Author: Benjamin Marchant
(marchant.benjamin01@gmail.com)
(benjamin.marchant@nasa.gov)
v1.0.0

DOI

import matplotlib.pyplot as plt
import matplotlib as mpl
import matplotlib.cm as cm
import numpy as np
import warnings

from matplotlib.pyplot import figure
from IPython.core.display import HTML
from pyhdf.SD import SD, SDC 

warnings.filterwarnings('ignore')
from IPython.core.display import HTML
HTML("""
<style>
.output_png {
    display: table-cell;
    text-align: center;
    vertical-align: middle;
}
</style>
""")
<style> .output_png { display: table-cell; text-align: center; vertical-align: middle; } </style>
myd021km_file = SD('MYD021KM.A2007219.2010.006.2012077031102.hdf', SDC.READ)
EV_250_Aggr1km_RefSB = myd021km_file.select('EV_250_Aggr1km_RefSB')
EV_500_Aggr1km_RefSB = myd021km_file.select('EV_500_Aggr1km_RefSB')
EV_1KM_RefSB = myd021km_file.select('EV_1KM_RefSB')
EV_1KM_Emissive = myd021km_file.select('EV_1KM_Emissive')
modis_band_dic = {}
#print( EV_250_Aggr1km_RefSB.info() )
EV_250_Aggr1km_RefSB_attributes = EV_250_Aggr1km_RefSB.attributes()
EV_250_Aggr1km_RefSB_scales = EV_250_Aggr1km_RefSB_attributes['reflectance_scales']
EV_250_Aggr1km_RefSB_offsets = EV_250_Aggr1km_RefSB_attributes['reflectance_offsets']
#pprint.pprint(EV_250_Aggr1km_RefSB_attributes )

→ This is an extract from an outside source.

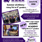 NEW! FLL Champs Academy for FLL-C rising 5th-7th grade Highlander Robotics is pleased to announce a new summer camp for experienced FIRST Lego League–Challenge (FLL-C) kids! Highlander Robotics software team members will teach advanced robotics concepts, including the engineering method, …

for idx,i in enumerate(EV_250_Aggr1km_RefSB_attributes['band_names'].split(',')):
    print(idx,i)    
    modis_band_dic[i] = [EV_250_Aggr1km_RefSB,idx]
0 1
1 2
#print( EV_500_Aggr1km_RefSB.info() )
EV_500_Aggr1km_RefSB_attributes = EV_500_Aggr1km_RefSB.attributes()
EV_500_Aggr1km_RefSB_scales = EV_500_Aggr1km_RefSB_attributes['reflectance_scales']
EV_500_Aggr1km_RefSB_offsets = EV_500_Aggr1km_RefSB_attributes['reflectance_offsets']
#pprint.pprint(EV_500_Aggr1km_RefSB_attributes )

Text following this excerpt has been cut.